## To do
Pull every line containing "relativi" out of the listing below.

## Data for review
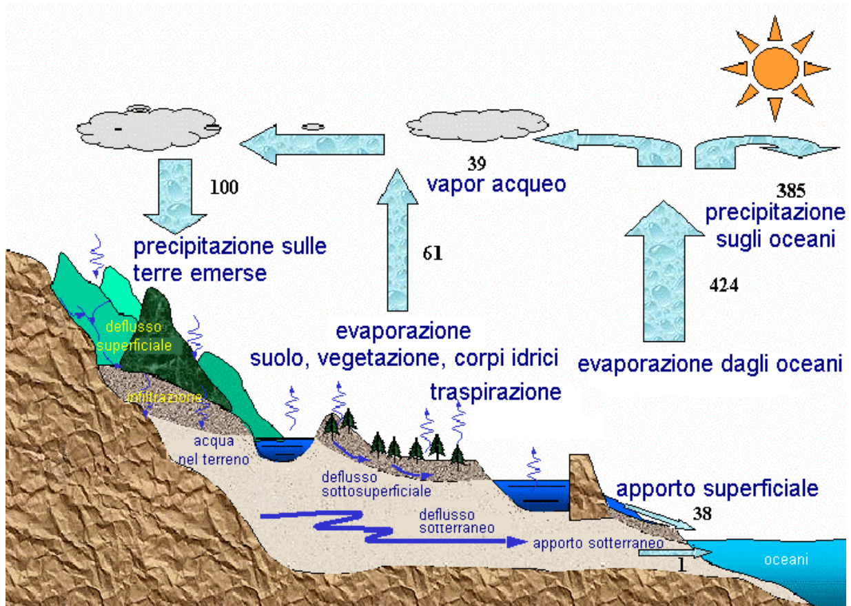
Figura 1- Flussi all'interno del ciclo idrologico. Le unità sono in termini relativi alla precipitazione annuale sulla superficie terrestre (100 = 119.000 km 3 anno -1 )

La figura rappresenta in maniera schematica il ciclo idrologico del pianeta, in cui i valori relativi alle diverse forme di trasporto sono proporzionali al valore di precipitazione sulle terre emerse che è stato posto pari a 100.
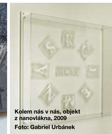
Kolem nás v nás, objekt z nanovláknna, 2009

Her expression evokes a rather fragile impression which is especially striking in the large-dimensional compositions of translucent paper. She first printed on it and later solely employed its structure. She thus slowly and naturally drew herself closer to creating installations in which she worked which translucent papers and later with light. She used fluorescent tubes, situating them into precisely selected environment, while some objects counted on the reaction and participation of viewers. Jůzová departs from her personal experience and is interested in forces that rule the nature; she turns to the possibilities of technology which were originally employed in totally different fields. In 2007 Jůzová presented the Czech Republic at the Venetian Biennial by her project entitled Collection – Series, i.e. a project in which she approached the space of the Czech pavilion as a luxury shop, offering casts of her own body as “products” in the showcases. The artist also participated at many other exhibitions abroad and received many awards. Her works are part of numerous art collections.
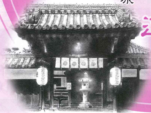
帯解寺 画:伊藤 俊
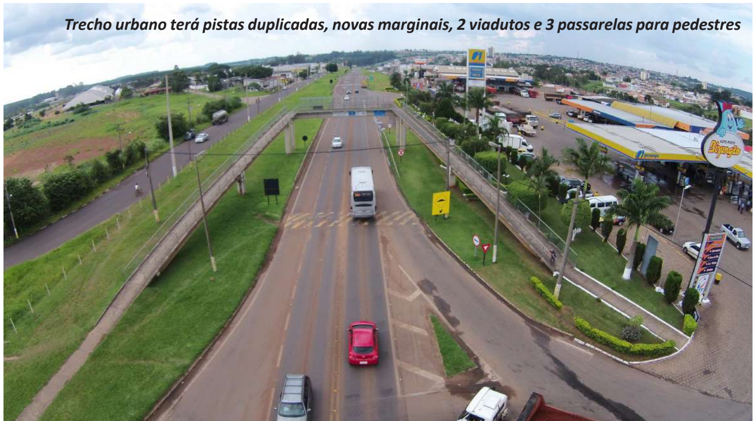
Trecho urbano terá pistas duplicadas, novas marginais, 2 viadutos e 3 passarelas para pedestres

## Response area
Figura 1- Flussi all'interno del ciclo idrologico. Le unità sono in termini relativi alla precipitazione annuale sulla superficie terrestre (100 = 119.000 km 3 anno -1 )
La figura rappresenta in maniera schematica il ciclo idrologico del pianeta, in cui i valori relativi alle diverse forme di trasporto sono proporzionali al valore di precipitazione sulle terre emerse che è stato posto pari a 100.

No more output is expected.